Information provided:
◆ ◆ ◆ ◆ ◆
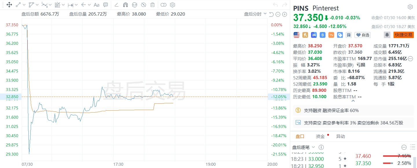 Pinterest美股盘后一度暴跌逾21%。Pinterest二季度调整后EPS为0.29美元,分析师预期0.28美元。二季度收入8.537亿美元,分析师预期8.482亿美元。二季度月活用户数5.22亿,分析师预期5.1804亿。二季度ARPU为1.46美元,分析师预期1.63美元。二季度调整后EBITDA为1.799亿美元,分析师预期1.776亿美元。预计三季度营收8.85亿-9.00亿美元,分析师预期9.077亿美元。
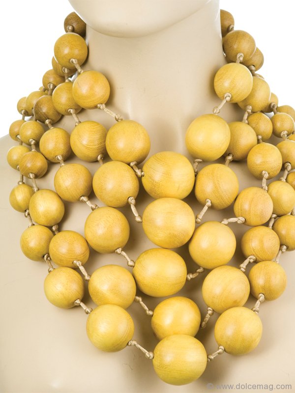 Holly Brubach, former fashion writer for The New Yorker and a creative consultant for Yoox.com, feels fashion lovers should keep their eyes out for several of Apfel’s striking pieces, which include a 15-strand necklace made from small black kamagong wood beads, Buddha earrings and rhinestone flower cuffs.
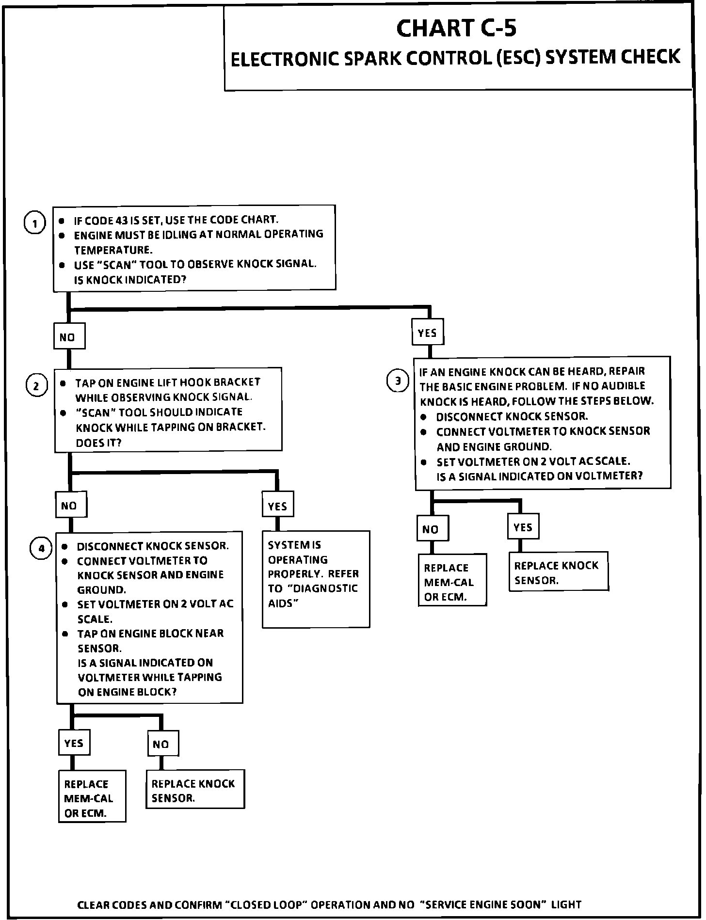 4. This test determines if the knock sensor is faulty or if the ESC portion of the Mem-Cal is faulty. If it is determined that the Mem-Cal is faulty, be sure that it is properly installed and latched into place. If not properly installed, repair and retest.
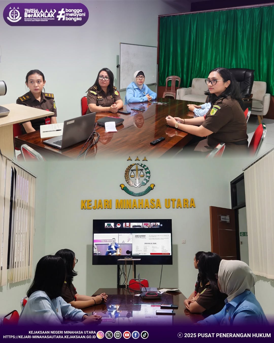 Mewakili Kepala Kejaksaan Negeri Minahasa Utara, Kepala Seksi Tindak Pidana Umum Ibu Merry C. Rondonuwu, S.H. beserta Jaksa Fungsional pada Kejaksaan Negeri Minahasa Utara mengikuti giat Zoom Meeting terkait Rapat Koordinasi Efektivitas Penegakan Hukum Tindak Pidana Pencucian Uang Dengan Memperhatikan Penilaian Resiko (Risk Based Approach) di Aula Vidcon Kejaksaan Negeri Minahasa Utara
◆ ◆ ◆ ◆ ◆
Action item:
Copy the listing above exactly, minus the pictures.

Solution to the exercise:
 Pinterest美股盘后一度暴跌逾21%。Pinterest二季度调整后EPS为0.29美元,分析师预期0.28美元。二季度收入8.537亿美元,分析师预期8.482亿美元。二季度月活用户数5.22亿,分析师预期5.1804亿。二季度ARPU为1.46美元,分析师预期1.63美元。二季度调整后EBITDA为1.799亿美元,分析师预期1.776亿美元。预计三季度营收8.85亿-9.00亿美元,分析师预期9.077亿美元。
 Holly Brubach, former fashion writer for The New Yorker and a creative consultant for Yoox.com, feels fashion lovers should keep their eyes out for several of Apfel’s striking pieces, which include a 15-strand necklace made from small black kamagong wood beads, Buddha earrings and rhinestone flower cuffs.
 4. This test determines if the knock sensor is faulty or if the ESC portion of the Mem-Cal is faulty. If it is determined that the Mem-Cal is faulty, be sure that it is properly installed and latched into place. If not properly installed, repair and retest.
 Mewakili Kepala Kejaksaan Negeri Minahasa Utara, Kepala Seksi Tindak Pidana Umum Ibu Merry C. Rondonuwu, S.H. beserta Jaksa Fungsional pada Kejaksaan Negeri Minahasa Utara mengikuti giat Zoom Meeting terkait Rapat Koordinasi Efektivitas Penegakan Hukum Tindak Pidana Pencucian Uang Dengan Memperhatikan Penilaian Resiko (Risk Based Approach) di Aula Vidcon Kejaksaan Negeri Minahasa Utara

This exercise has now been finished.